§ **Required work**
Using the listing below, print the line containing "6pcs Mop Slippers", the line containing "The halter neckline", and each line between them, exactly and nothing else. Pictures stay out of the print.

§ **Input records**
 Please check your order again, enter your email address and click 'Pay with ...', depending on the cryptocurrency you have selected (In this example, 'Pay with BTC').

* * *

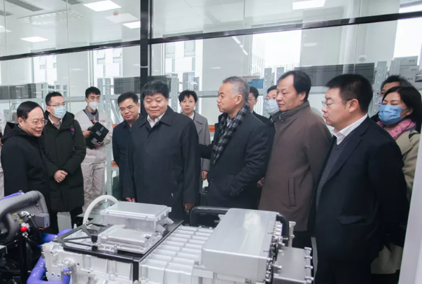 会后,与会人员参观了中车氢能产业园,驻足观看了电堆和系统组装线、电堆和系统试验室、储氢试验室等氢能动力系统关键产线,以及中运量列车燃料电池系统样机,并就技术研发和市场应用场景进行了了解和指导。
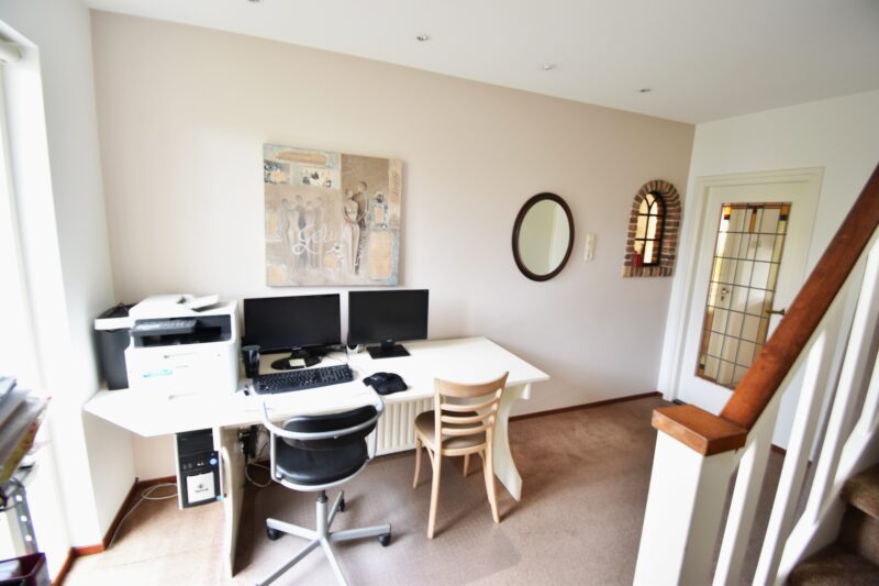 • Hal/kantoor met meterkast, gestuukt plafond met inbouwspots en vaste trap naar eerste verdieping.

==

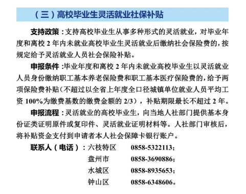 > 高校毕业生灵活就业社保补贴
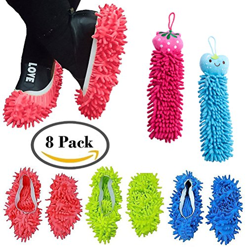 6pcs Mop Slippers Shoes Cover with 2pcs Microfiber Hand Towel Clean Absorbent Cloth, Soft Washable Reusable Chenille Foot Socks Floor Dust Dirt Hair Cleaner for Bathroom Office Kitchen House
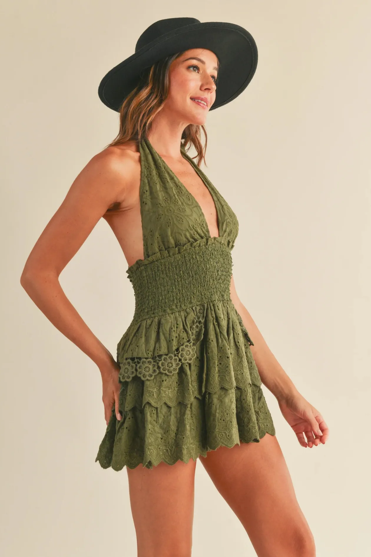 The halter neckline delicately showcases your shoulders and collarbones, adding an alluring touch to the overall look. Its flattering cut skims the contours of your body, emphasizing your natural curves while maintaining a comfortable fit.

§ **Task solution**
 6pcs Mop Slippers Shoes Cover with 2pcs Microfiber Hand Towel Clean Absorbent Cloth, Soft Washable Reusable Chenille Foot Socks Floor Dust Dirt Hair Cleaner for Bathroom Office Kitchen House
 The halter neckline delicately showcases your shoulders and collarbones, adding an alluring touch to the overall look. Its flattering cut skims the contours of your body, emphasizing your natural curves while maintaining a comfortable fit.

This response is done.